Today, I would like to address one of my pet peeves—misuse of ellipses. First, let’s define what they are.
What are ellipses?
An ellipsis (ellipses for plural) is a set of three periods (…) indicating omission or a drawn-out pause. These are often used in pieces of writing that use quoted material and in fictional dialogue/thoughts.
In Quoted Material
This piece of punctuation comes to your aid when you want to include only a portion of a long-winded paragraph (or sentence) your source has. To do this, must place the ellipsis (or ellipses) wherever a part of the sentence is left unfinished.
• If the part quoted include the beginning, simply place the ellipsis at the end.
• If the part quoted is smack in the middle, use ellipses in the front and back.
• If the part includes the ending, you need to include the ellipses and the period at the end.
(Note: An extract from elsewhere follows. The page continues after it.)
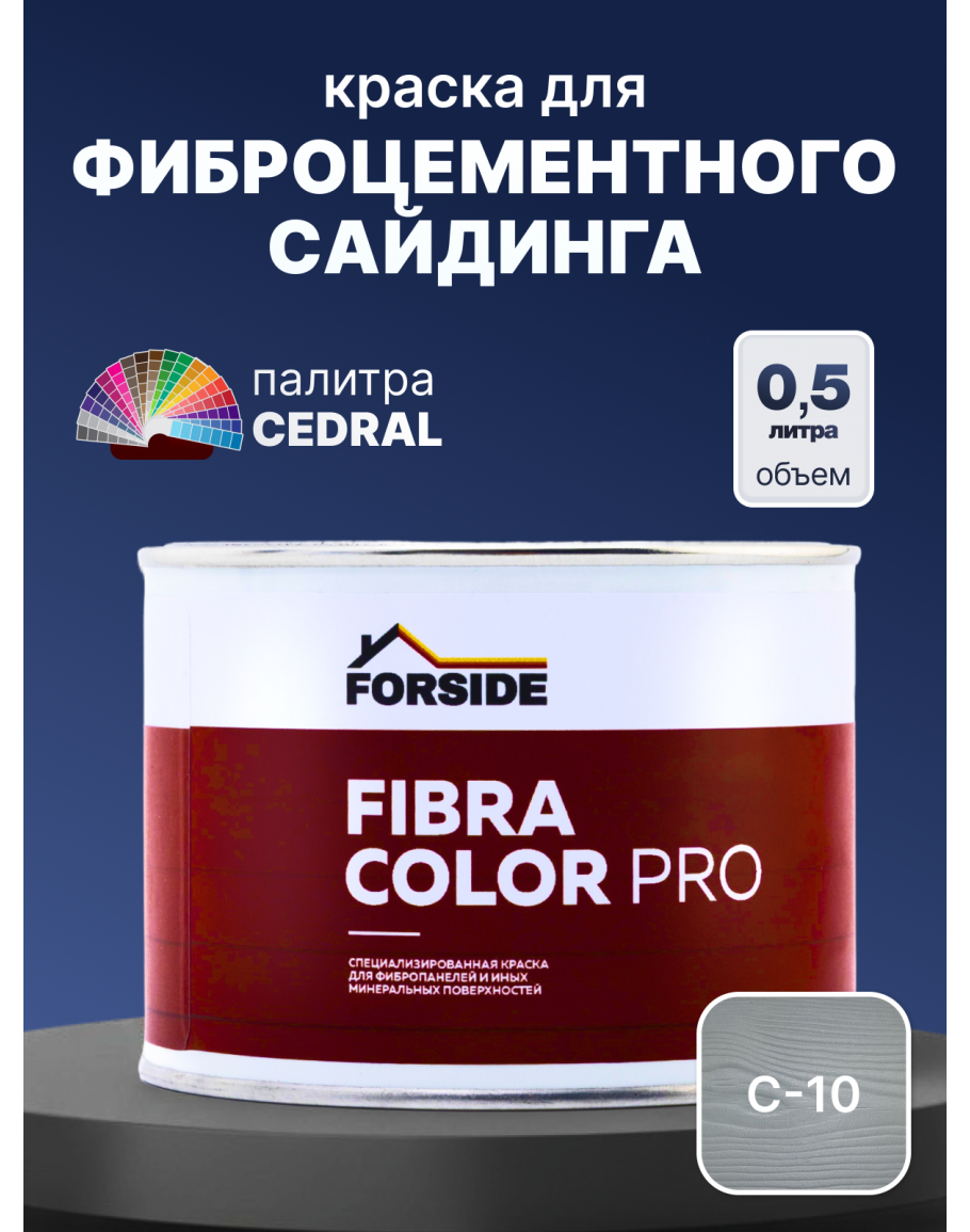 Краска фасадная для фиброцементного сайдинга FORSIDE 0.5л, C-10 Прозрачный океан, FORSIDE

Example— You are using the quote below.
“You’ve got to take the good with the bad, smile with the sad, love what you’ve got, and remember what you had. Always forgive, but never forget. Learn from mistakes, but never regret.”
Quote including the beginning of a sentence:
Unknown says, “You’ve got to take the good with the bad…” to remind us life has its ups and downs.
Quote using the middle of a sentence:
Unknown says, “…smile with the sad, love what you’ve got…” to remind us to stay positive.
Quote using the end of a sentence:
Unknown says, “…love what you’ve got, and remember what you had” to remind us of the positives in life.
Remember, these are the common guidelines. If your teacher (or boss) asks for a specific style (MLA, Chicago, etc), do further research to understand the nuances that the style requires.
Now, for the main event: fictional thought and dialogue.
Using an ellipses in portions of the story that are neither dialogue or a character’s inner thoughts is jarring and distracting. I will not deny that some authors may pull this off, but overall this practice is not recommended. The period itself breaks a sentence long enough for a large breath, making a larger pause simply unnecessary.
However, people often take elongated pauses or simply trail off before finishing a sentence in both speech and internal conversations. These true to life events mean ellipses are allowed to be used in such situations found in fictional writing.
While the intent is not wrong, the usage can become overdone like any other form of punctuation (the question mark, exclamation point, etc). But what constitutes as enough or too much ellipses?
Examples of too much:
“I…uh…my name is…Grace,” she said.
“I wasn’t really . . . well, what I mean . . . see, the thing is . . . I didn’t mean it.”
I think…that’s it! I just need to drive to…damn…I left my keys at home…
(example of character thoughts)
Unsure of how to cut back? Here are some alternatives:
1. Use the word paused instead:
“I’m not…” Noah paused, “I’m not ready for this kind of responsibility.”
2. Show the hesitancy in other words:
“I..I’m not sure about this,” Laura said with hesitation. She wasn’t used to making such big decisions.
3. Pick out the most important pauses:
Instead of “I…uh…my name is..Grace.” try “My name is…Grace.”
This choice highlights that the character appears to have forgotten her name in her flustered state while retaining the idea she isn’t completely comfortable.
As you can see, I only used one or two instead of multiple ellipsis. It may feel as though you are cutting down the amount of hesitation or proper pause, but an author can only stay so true to reality. Multiple large pauses are often boring and detract from your writing rather than enhance it.
I hope this helped you understand our little pause friend, the ellipses (…).